- ubuntu==20.04
- cuda==11.3.1
- cuDNN==8.2.1
- python==3.8.10
- pytorch==1.9.0
- torchvision==0.10.0
- opencv-python==4.5.3
- etc (zsh, neovim, wget, ...)
The ENTRYPOINT is set as ["zsh"] to run zsh when there is no explicit command when you run a docker container. In addition, some additional packages are installed for transferring files between NVIDIA DGX and external source or NAS.
- rsync==3.1.3
- lftp==4.8.4
If you need to install additional packages, just modify install.sh which automatically install all the packages you specify.
When we mount a local volume to the container, the ownership of created files or directories belongs to the root user if we don't specify USER in Dockerfile. This is a problem because this ownership still belongs to the root user even if we access those files or directories from outside of the container. In order to solve this problem, you should build this image using --build-arg to add and use a non-root user. To build this image, run
docker build -f Dockerfile.NGC.DGX [--build-arg USERNAME=your_username --build-arg PASSWORD=your_password] [-t name:tag] PATH
If you omit those --build-arg arguments, there only exists the root user.
- ubuntu==20.04
- cuda==11.1.1
- python==3.9.5
- pytorch==1.9.0
- torchvision==0.10.0
- numpy==1.21.0
To build the base image, run
docker build -f Dockerfile_base [-t name:tag] PATH
If you want to use gpus before using Docker, you have to install nvidia-container-toolkit.
distribution=$(. /etc/os-release;echo $ID$VERSION_ID) \
&& curl -s -L https://nvidia.github.io/nvidia-docker/gpgkey | sudo apt-key add - \
&& curl -s -L https://nvidia.github.io/nvidia-docker/$distribution/nvidia-docker.list | sudo tee /etc/apt/sources.list.d/nvidia-docker.list
sudo apt-get update && sudo apt-get install -y nvidia-docker2
To run a container, run
docker run [-it] [-gpus all] [--shm-size=1gb] [--name container_name] [-v DIR:/workspace] IMAGE
Here, DIR means the directory you want to mount on the container in order to access to the local filesystem.
rsync -avzhP SOURCE TARGET [--exclude PATTERN]

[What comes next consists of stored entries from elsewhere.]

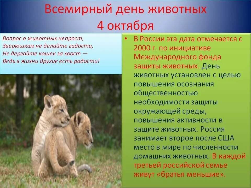 Когда празднуют День животных в России? В нашей стране праздничная дата совпадает с международной, праздник приходится на 4 октября.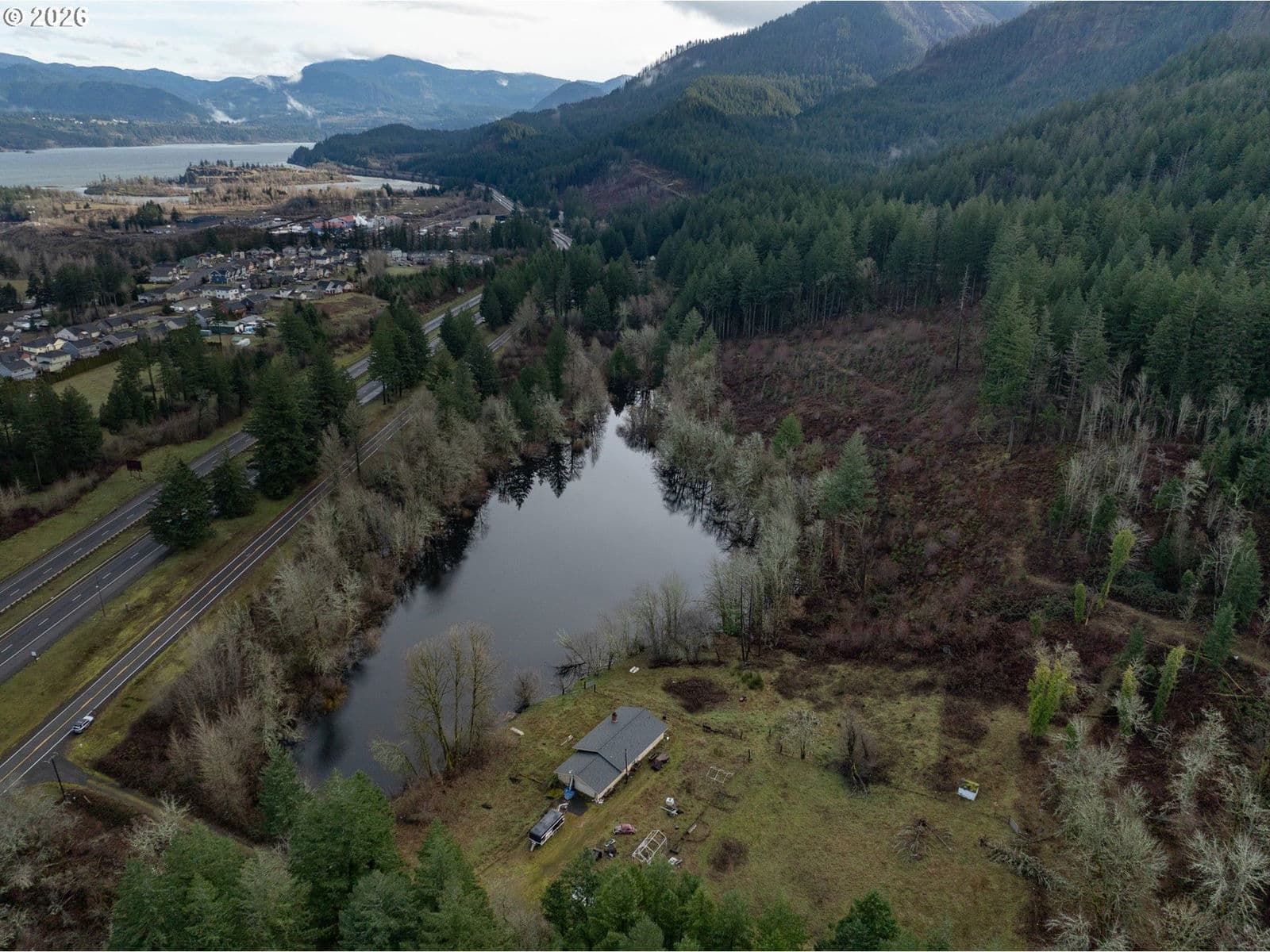 This scenic 20.8 acre property is located in the scenic Columbia River Gorge area. Just outside of the Cascade Locks small, historic town in Hood River County, Oregon, known for its stunning natural scenery along the Columbia River Gorge. You have the opportunity to own some that beauty. Your new sanctuary features a 4 acre pond that has a season stream flow into with bass and blue fish. All of the majestic wildlife the Cascades have to offer wandering around your property that is flush with forested State land and hatchery as a welcoming neighbor. Serene views in every direction. There is The property was logged in 2021 and replanted so there are fresh new trees growing in. There is an house is a 4 bedroom 3 bath one story with 2 car garage with a daylight basement that includes a kitchen, living room, bedroom, bathroom and storage. This fixer is just waiting for your improvements, remodel or rebuild plans. New roof in 2021 great structure with solid foundation. Update or Replace? Let the surroundings inspire you.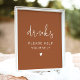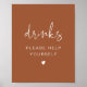 Este sinal de bebidas apresenta fontes manuscritas e um design moderno minimalista combinado com uma combinação boho terracotta e cor branca. Use este poster para sua recepção de casamento, chá de panela, festa de aposentadoria, etc. Edite o texto *maioria* para atender às suas necessidades.
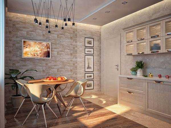 Комбинируя различные фактуры, можно разделить с их помощью кухню на рабочую и обеденную зону или добиться специальных эффектов, обработав разными типами стены, колонны или арки.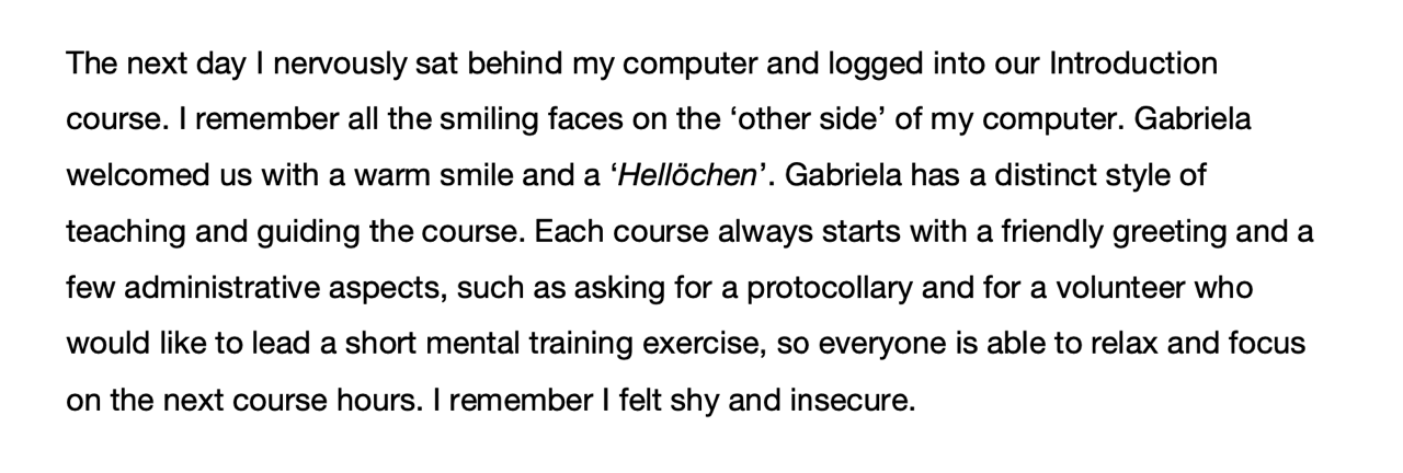 Es war mir eine Ehre und ein Privileg, von Gabriela Schildbach zu lernen, und ich bin dankbar für die Zeit und Mühe, die sie in meine Ausbildung investiert hat. Ich werde die wertvollen Lektionen und Einsichten, die ich durch ihre Anleitung gewonnen habe, stets in Erinnerung behalten.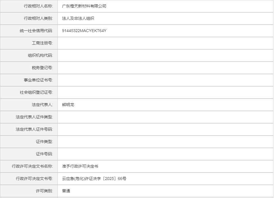 云应急(危化)许证决字〔2025〕66号广东橙天新材料有限十大网赌网址网址靠谱危险化学品建设项目安全条件审查意见书

If you want to exclude some files or directories, add --exclude PATTERN recursively as many as you want. For example, suppose you want to transfer a directory /home/user/foo from user@host to /workspace of a container and you want to exclude bar and foobar.py in this directory. In this case, run the command below, and vice versa. You can also use --exclude={bar, foobar.py} for multiple patterns.
rsync -avzhP user@host:/home/user/foo /workspace --exclude bar --exclude foobar.py
When you want to connect to the server and transfer the files, first connect to the server:
lftp -u USER[,PASSWORD] SERVER_IP
Note that you can use the Linux command (e.g., cd, rm, ls) when connected.
Then, run the commands below to transfer directories. In order to exclude some files or directories, add --exclude PATTERN as in rsync.
# remote --> local
mirror REMOTE_DIR LOCAL_DIR [--exclude PATTERN]
# local --> remote
mirror -R LOCAL_DIR REMOTE_DIR [--exclude PATTERN]
If you want to transfer files, run the commands below:
# remote --> local
get REMOTE_PATH LOCAL_PATH
# local --> remote
put LOCAL_PATH REMOTE_PATH
When I use lftp in a Docker container, I encountered an error:
Fatal Error: Certification verification: Not trusted
In order to solve this problem, you need to edit the configuration file of lftp. You can just run the command below to do so.
echo "set ssl:verify-certificate no" >> ~/.lftp/rc
In the image built by Dockerfile.NGC.DGX, this job is already done, So you don't have to worry about this.